Introduction: Managing cognitive function in care homes is a significant challenge. Individuals in care have a variety of scores across standard clinical assessments, such as the Mini-Mental Status Exam (MMSE), and many of them have scores that fall within the range associated with dementia. A recent methodological advance, brain vital sign monitoring through auditory event-related potentials, provides an objective and sensitive physiological measurement to track abnormalities, differences, or changes in cognitive function. Taking advantage of point-of-care accessibility, the current study evaluated the methodological feasibility, the assessment of whether a particular research method can be successfully implemented, of quantitatively measuring cognition of care home residents using brain vital signs. Secondarily, the current study examined the relationship between brain vital signs, specifically the cognitive processing associated N400 component, and MMSE scores in care home residents.

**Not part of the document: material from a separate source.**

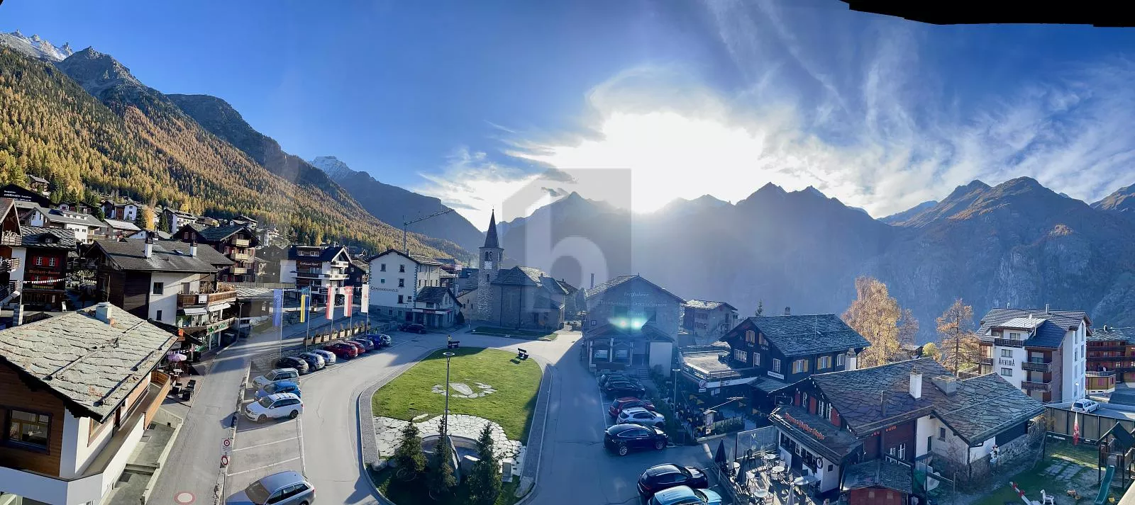 Lage: Zentral am Dorfplatz gelegen mit eigenen Innenparkplätzen. Ganzes Jahr über leicht erreichbar. Saas-Fee und Zermatt sind in nur wenigen Fahrminuten erreichbar.
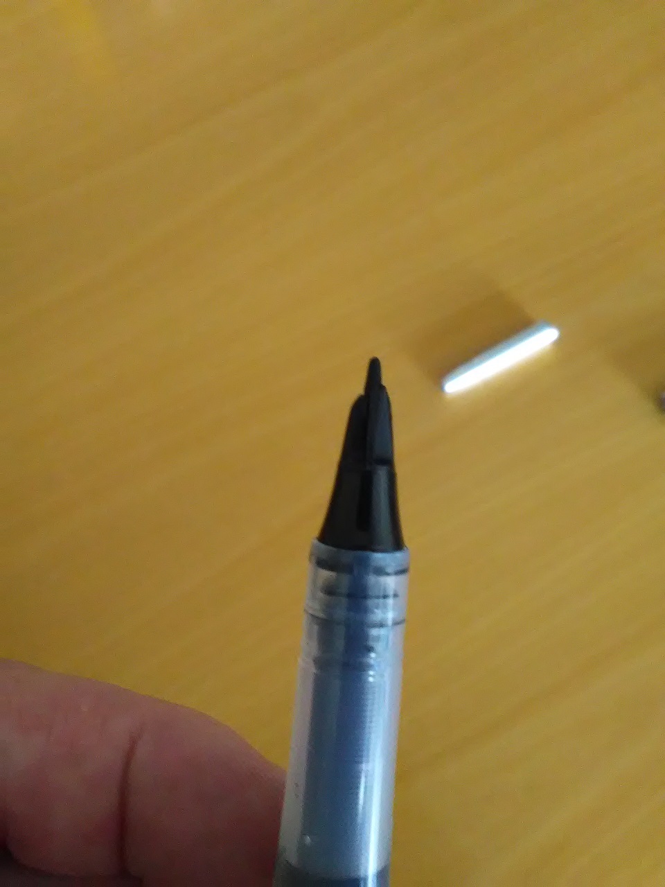 La punta rigida permetteva di ottenere due tratti, uno sottile e l'altro grosso con una serie di tratti intermedi. Quando arrivò alla fine della carica di inchiostro un disastro, gocciolava abbondantemente, per fortuna poi non trovai più il ricambio e ora giace nella scatola dei ricordi

Materials And Methods: Brain vital signs used the established N100 (auditory sensation), P300 (basic attention), and N400 (cognitive processing) event-related potential (ERP) components. A total of 52 residents were enrolled, with all participants evaluated using the MMSE. Participants were assigned into homogeneous groups based on their MMSE scores, and were categorized into low (n = 14), medium (n = 17), and high (n = 13) MMSE groups. Both brain vital sign measures and underlying ERP waveforms were examined. Statistical analyses used partial least squares correlation (PLS) analyses in which both MMSE and age were included as factors, as well as jackknife approaches, to test for significant brain vital sign changes.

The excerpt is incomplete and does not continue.